Da diversi mesi ho problemi con la batteria del mio iPhone 5.
Anche se l’icona della batteria mi segnala una disponibilità ancora del 30%, a volte, il telefono mi si spegne improvvisamente. Completamente scarico.

Vengo informato che ad Agosto 2014 la Apple ha fatto un’azione di richiamo: ci sono alcuni iPhone che hanno problemi con la batteria.

Apple estende all’Europa il piano di sostituzione degli iPhone 5 con batteria difettosa: sarà disponibile nel Vecchio Continente a partire dal 29 agosto.

“Ok” – mi sono detto
“Proviamo a vedere se anche il mio…”

Così sono andato sul sito ufficiale della Apple e, compilando un form online con il numero seriale, scopro (non so se dire con gioia o meno) che:

“Cavolo, lo sapevo” – pensai, inutilmente speranzoso.

Così ho chiamato il servizio assistenza della Apple che mi ha invitato ad andare in un loro Apple store. Prendo così appuntamento per sabato mattina alle 11.30.

Gli Apple Store a Milano sono o a Carugate o a Rozzano. Per una qualche decisione strategica a me sconosciuta, invece che essere comodamente raggiungibili, che ne so, con la metropolitana in centro città, sono confinati, nei peggio centri commerciali, imballati di gente che, soprattutto di sabato mattina, ti fanno sentire parecchio “sfortunato” e fuori luogo.

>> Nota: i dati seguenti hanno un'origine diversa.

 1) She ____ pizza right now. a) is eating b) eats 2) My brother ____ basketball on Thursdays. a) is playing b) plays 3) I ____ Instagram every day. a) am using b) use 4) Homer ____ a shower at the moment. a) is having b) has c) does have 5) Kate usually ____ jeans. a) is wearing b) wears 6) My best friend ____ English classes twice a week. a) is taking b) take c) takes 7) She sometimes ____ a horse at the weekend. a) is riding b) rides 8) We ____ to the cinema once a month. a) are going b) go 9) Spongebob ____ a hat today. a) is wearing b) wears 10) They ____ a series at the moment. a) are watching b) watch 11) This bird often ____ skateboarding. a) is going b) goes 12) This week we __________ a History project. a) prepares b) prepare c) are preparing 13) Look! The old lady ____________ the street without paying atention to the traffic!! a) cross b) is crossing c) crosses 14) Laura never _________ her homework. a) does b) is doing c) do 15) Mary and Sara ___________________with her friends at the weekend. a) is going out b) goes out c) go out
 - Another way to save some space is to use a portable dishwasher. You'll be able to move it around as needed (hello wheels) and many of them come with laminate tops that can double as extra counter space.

Morale: entro nell’Apple store (a quell’ora, una bolgia umana di gente). Vengo accolto molto gentilmente.

Spiego il problema con la batteria.

Effettuano la diagnostica e mi dicono che la batteria tuttosommato va bene.

Poi però.. attenzione! Dalla diagnosi scoprono questo:

Testuali parole:

“Guardi, lei poteva raccontarmi e spiegarmi quello che voleva ma questo parla chiaro”
“Uhm… e cioè?”

Panic.plist, il suo iPhone ha dei gravi problemi di hardware, li vede questi due messaggi?”
“Ah, ok… e quindi?”
“Lei ha lo scontrino d’acquisto?”
“No, con me no, ma l’ho acquistato con partita IVA quindi ho la fattura di sicuro…”
“Ah…con partita iva… quindi la garanzia le copre solo un anno…vediamo quando l’ha acquistato… 1 anno e 10 mesi fa”

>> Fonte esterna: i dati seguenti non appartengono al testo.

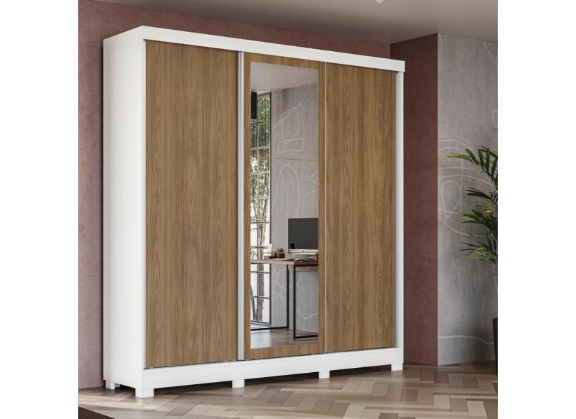 Guarda-Roupa Casal Kappesberg 3 Portas Reversiveis de Correr 3 Espelhos 2 Prateleiras Branco/Nogueira
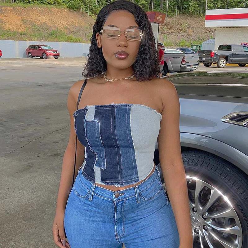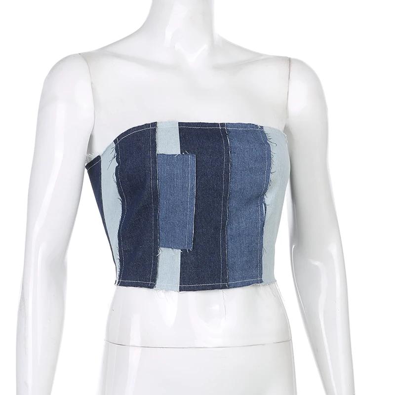 Топ женский джинсовый с перекрестными шнуровками, без рукавов, с открытой спиной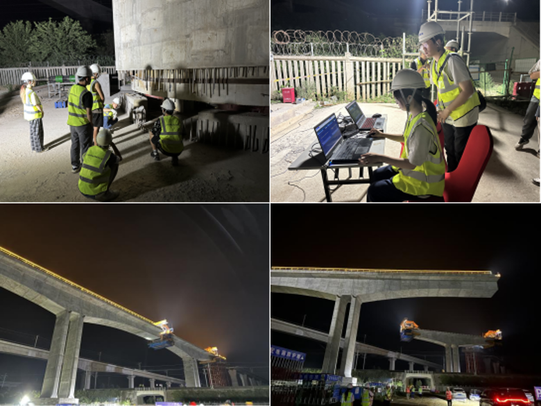 实践团队7人现场参与转体桥转体全过程,协助工程项目组,通过对梁端振动加速度的测定进行转体桥转中安全监测工作。该转体桥于7月19日凌晨进行试转,20日凌晨2时许,顺利完成转体。该实践团项目,在2023年“挑战杯”首都老员工课外学术竞赛中,荣获全校唯一主赛道特等奖。通过本次对理论成果的再次实践应用学习,团队将继续改进研究成果,将理论研究、数值模拟与工程实测相结合,在工程实践中优化理论体系。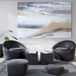 - Esta pintura representa una abstracción pictórica en tonos beige, blanco y azul. La composición evoca un paisaje invernal, aportando armonía y tranquilidad al interior. Perfecta para espacios modernos y tranquilos.

E qui il colpo di genio della Apple.

Allora, con sole 249€ le posso dare un altro iPhone
“No guardi…”
“Allora se vuole glielo faccio valutare per comprarne uno nuovo…” (poco importa che, accanto a me, una infelice ragazza si stesse lamentando del suo nuovo iPhone 6 pieno di problemi).

Fermi tutti.

“Mi scusi. Non ce l’ho con lei ma mi segua nel ragionamento: sono venuto qui, perdendo una mattinata perchè dal sito e telefonicamente mi è stato consigliato di fare così. Ora viene fuori che la batteria è a posto ma che c’è un grave problema di hardware sul mio iPhone. Un problema quindi non causato da me, da un mio errato utilizzo, ma che sta alla base, quando l’iPhone è stato costruito e venduto. Ora, anche se sono fuori di 10 mesi dalla garanzia, l’unica soluzione è spendere 249€ per averne uno rigenerato? Si rende conto che c’è qualcosa che non va?

“Eh, mi dispiace, purtroppo questa è la Policy…

E dispiace anche a me. Viaggio da sempre con due telefoni, uno personale e uno aziendale e  qualche settimana fa mi hanno regalato un Samsung Galaxy S5.
Usando il Samsung ho scoperto un altro mondo. Meno costoso e ugualmente brillante e funzionale. Mi sono sentito un vile traditore del mondo Apple. Ora però, dopo essere stato preso in giro, col cavolo che sarò ancora un ambasciatore Apple come una volta. L’iPhone fa figo ma ti prende in giro. Costa 3 volte in più che un Samsung. Ha una assistenza virtuale e telefonica eccezionale ma, al lato pratico, bisogna solo tirare fuori dei soldi. Anche se il problema è hardware e non dipende da te.

Apple… CIAO, gestione del cliente… pessima.